Thank you for these very specific instructions . . . I was planning to attempt round one today during garbage pickup. Wouldn't you know it, neither dog barked today. I'm sure other opportunities await but I was ready for it this morning! 

My dogs aren't horrible barkers but I really want them to stop barking on command.


----------



## webzpinner (Mar 7, 2011)

Jakey stops indoor barking, whining, or any other "naughty" behavior with a snap of the fingers. A finger snap is a "stop what you are doing and wait for redirection". Seems to work great. My wife or I will snap our fingers, tell him to go lay down, or go get a toy, etc, followed by lavish attention for a job well done etc. 
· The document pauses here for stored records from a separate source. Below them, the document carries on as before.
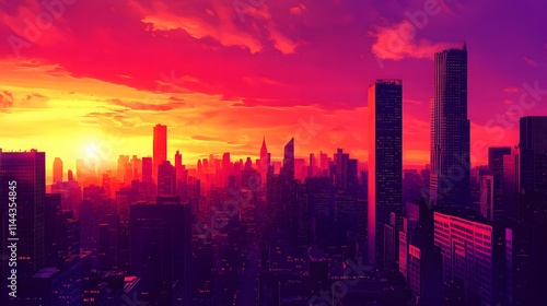 Fototapeta premium vibrant city skyline at sunset, perfect for promotional text overlays, exuding urban innovation and excitement.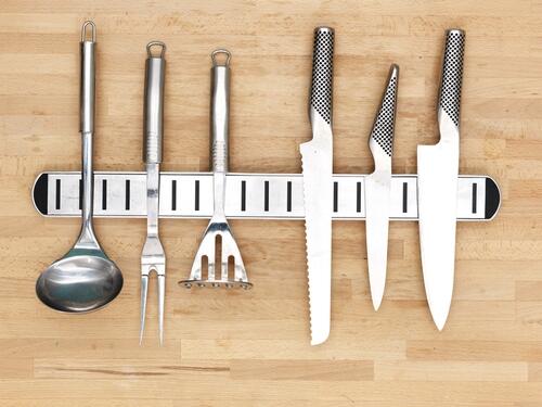 壁にとりつけたマグネットに包丁を貼り付けて収納する商品もある。「マグネットナイフラック」というこの収納は、簡単に包丁を取り出すことができるうえ、収納をオシャレに見せることもできる。また、扉の内側に設ければ省スペースにもなる。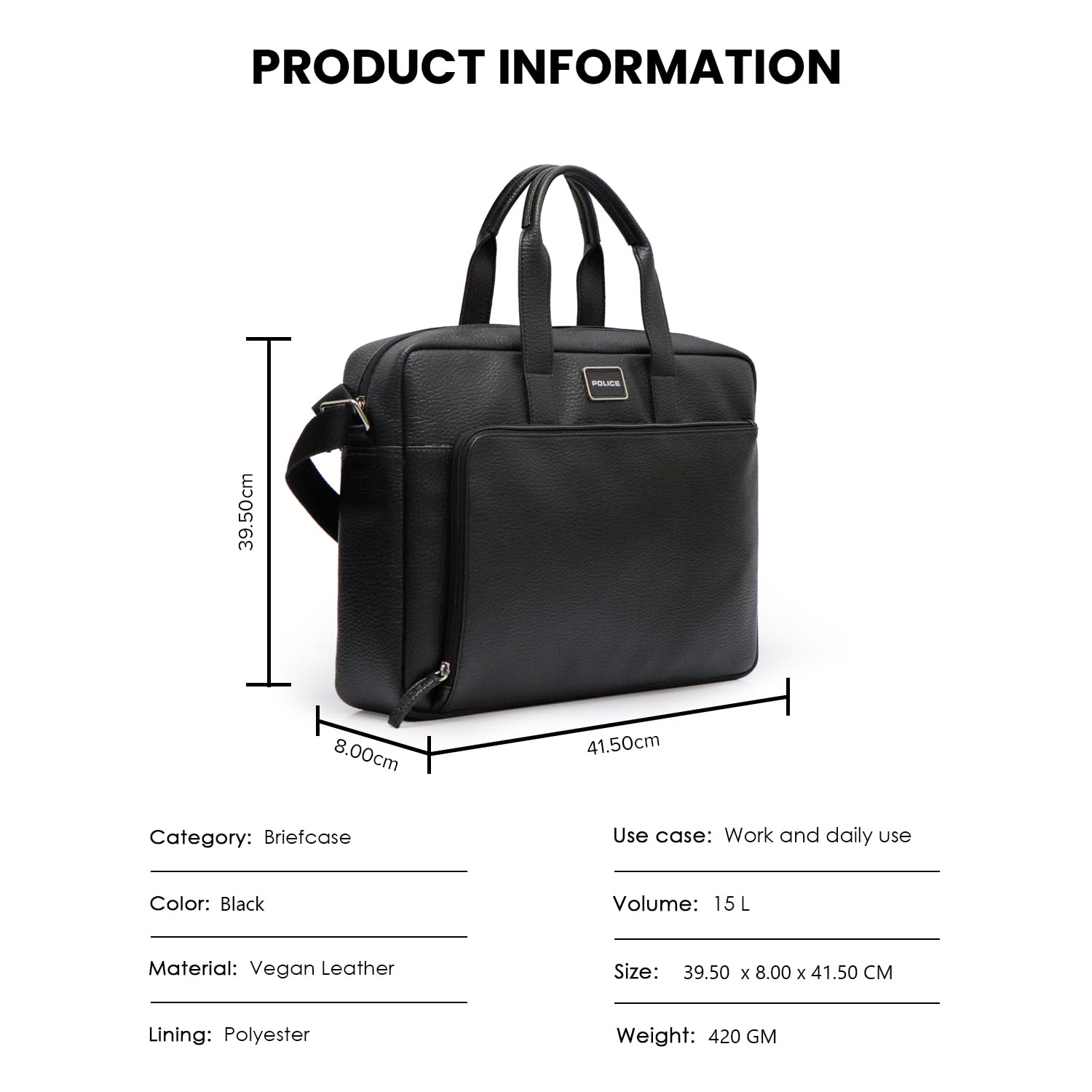 Upgrade your professional style with the Police Premium 14″ Briefcase for Men, designed for modern professionals who need both functionality and sophistication. Crafted with a sleek and durable exterior, this briefcase offers a dedicated padded compartment that safely fits laptops up to 14 inches, protecting your device during daily commutes or business travel. The bag features a spacious interior to neatly organize documents, gadgets, and everyday essentials, while the front utility pocket allows quick access to smaller items like chargers, pens, or a phone. The adjustable branded shoulder strap provides comfortable carrying, and the sturdy handles add a classic executive touch. Whether you’re heading to the office, meetings, or business trips, this professional briefcase blends style, convenience, and durability for everyday work use.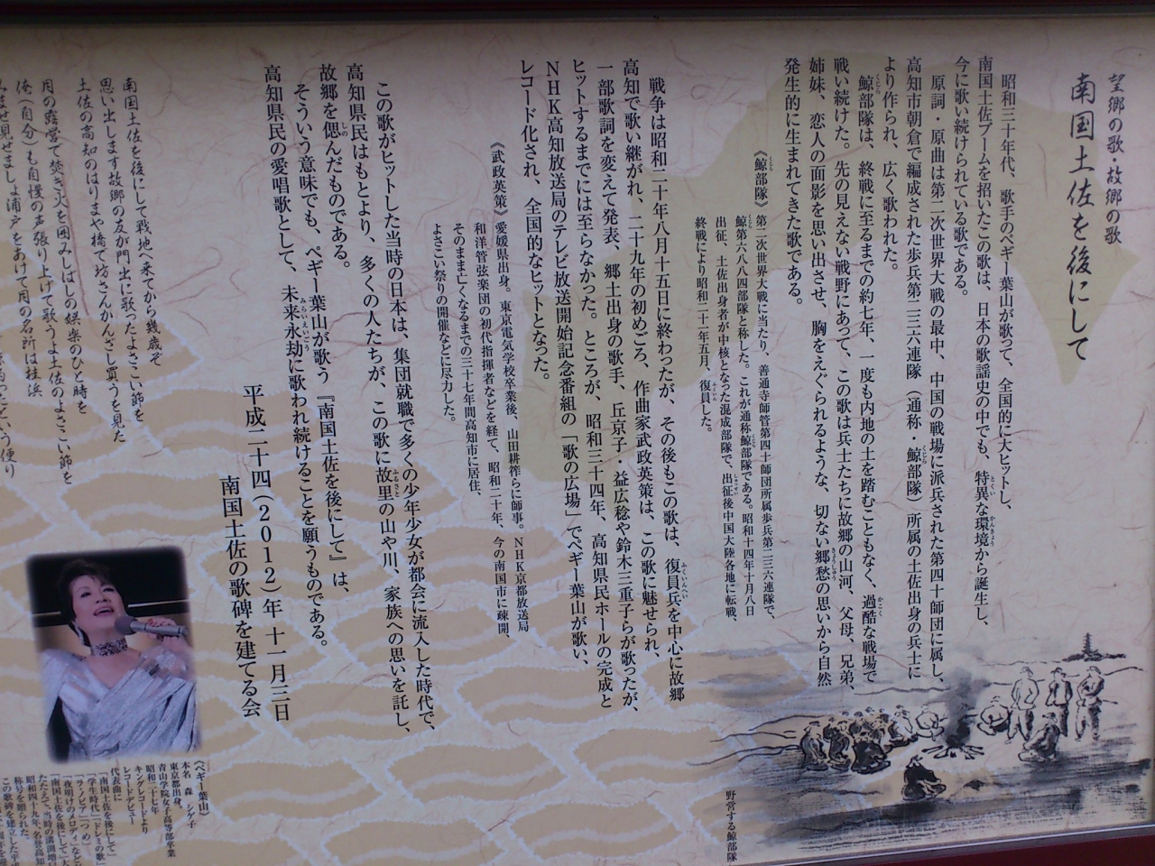はりまや橋の道路の反対側、からくり時計があるデンテツターミナルビルの裏側がはりまや橋公園として整備されていて、そこにイルカのオブジェなどがあります。そのイルカの近くに、ペギー葉山が昭和30年代に歌って大ヒットさせた南国土佐を後にしての歌碑があります。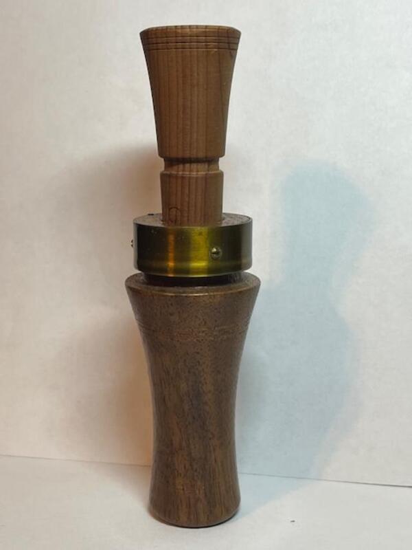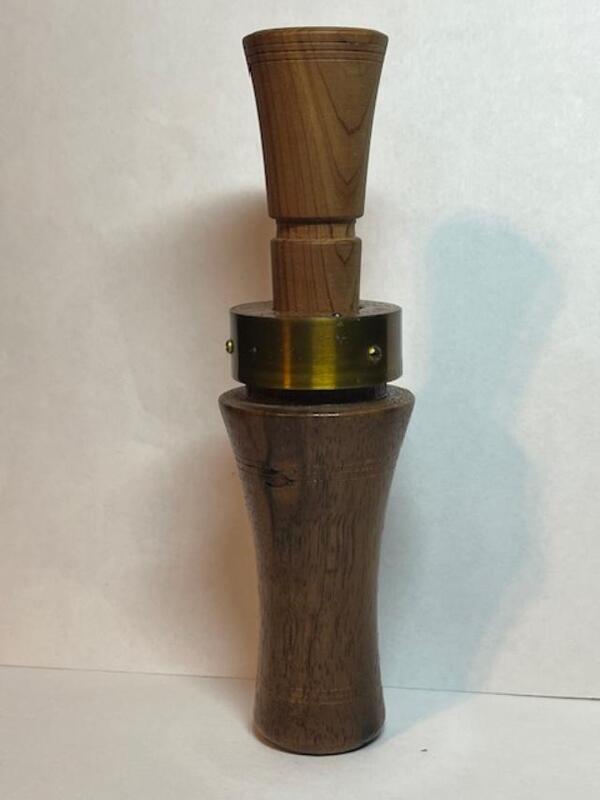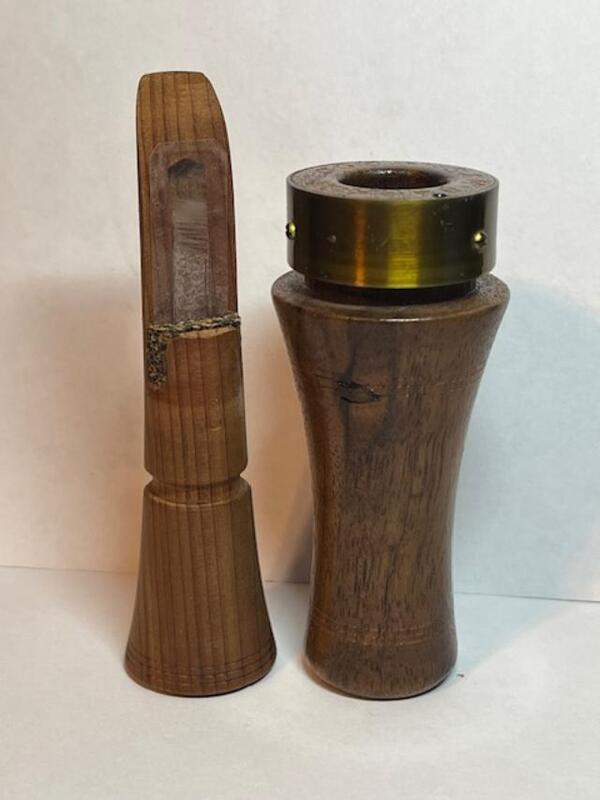 This Duck Call was made by Sam Barker (1946-2017) of East Prairie, MO. Call is 5" and AR Style. Its barrel is Walnut and the stopper is Cedar. Call is banded and signed on the Stopper. I purchased this call from Sam in 2000 on a visit to his home.

Jakey's still a work in progress. He doesn't stay put when put on a "task" for very long.


----------



## doggiedad (Dec 2, 2007)

when my dog was whining or barking
excessively i would put my hand around his
mouth and say "quiet" or "no barking".
when he stopped he got pets and praise.


----------



## PaddyD (Jul 22, 2010)

I use "SSSHH" and it distracts her long enough to stop. Sometimes I have to repeat to let her know I mean it. Another thing I do sometimes is mock her by barking and she looks at me like I am nuts. (she may be right)


----------



## doggiedad (Dec 2, 2007)

i taught a dog to bark by barking at it.



PaddyD said:


> I use "SSSHH" and it distracts her long enough to stop. Sometimes I have to repeat to let her know I mean it. Another thing I do sometimes is mock her by barking and she looks at me like I am nuts. (she may be right)


----------



## cassadee7 (Nov 26, 2009)

Been working on this with Saber, as she barks at dogs out the window. When she pauses the barking, I say "quiet" and click. She turns around and comes to me for her treat and I say "good quiet! very good" etc... usually she settles now.


----------